But it can't hurt to propose it upstream maybe?

alexcrichton commented 4 years ago

FWIW I manage the backtrace crate and would be happy to update the implementation we have there. I don't really understand enough about Windows though to know why what we currently do doesn't work for JIT frames and why these alternative APIs would. @peterhuene do you know of docs and/or do you have an overview of the differences?

The current Windows implementation tries to use StackWalkEx and falls back to StackWalk64 if that symbol isn't available to generate a backtrace for now. Turning addresses into names is done later with either SymFromInlineContextW or SymFromAddrW depending on which function was used to generate the stack trace.

peterhuene commented 4 years ago

According to StackWalk[Ex|64] documentation regarding the FunctionTableAccessRoutine parameter:

This parameter is required because the StackWalk[Ex|64] function does not have access to the process's run-time function table.

I suspect that's for architectural reasons to support out-of-proc stack walks. So I'm hazarding a guess that the default SymFunctionTableAccess64 function works by looking up the module base address and then reading the module's pdata section. That won't work for IPs that don't map to a loaded module known by the OS.

For backtrace to support walking runtime-generated functions in a generic fashion, it should accept user callbacks for getting the module base address (the GetModuleBaseRoutine parameter) and function table access (the FunctionTableAccessRoutine parameter). It would be pretty easy for Wasmtime to support such callbacks given what we store for the code memories.

alexcrichton commented 4 years ago

Hm so what you say all makes sense, but now I may be a bit confused as well. We implemented something in wasmtime to support some sort of backtraces so longjmp/faults work, right? It sounds like the StackWalk* routines don't use that same infrastructure for generating backtraces? Although given that they can give access to inline frame information that sort of makes sense because it's different sets of information.
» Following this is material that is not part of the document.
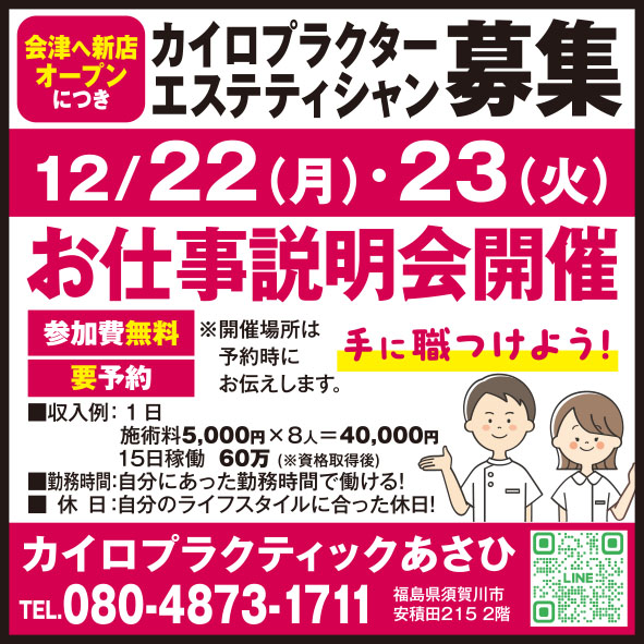 会津白虎町店/⑥フルタイム(経験有無 規定あり 各種保険)180,000円~200,000円

Is there a "standard" way to sort of tell backtrace requesters about runtime functions generated? Sort of how we have to tell the runtime how to backtrace everything already? Or is this how RtlLookupFunctionEntry plus RtlVirtualUnwind would work better than StackWalk*? (sorry I'm pretty naive here, although I wrote most of the Windows backtrace stuff I was largely just copying it from places rather than getting a deep understanding of everything going on)

peterhuene commented 4 years ago

What we implemented in Cranelift was to generate the runtime function tables for all JIT'd code and in Wasmtime to register the runtime function tables with Windows. With the runtime function tables registered, functions like RtlUnwindEx (called by VC++'s implementation of longjmp as well as in SEH implementations) work without raising an invalid stack exception; this was the cause of the Wasm trap crashes on Windows prior to these changes.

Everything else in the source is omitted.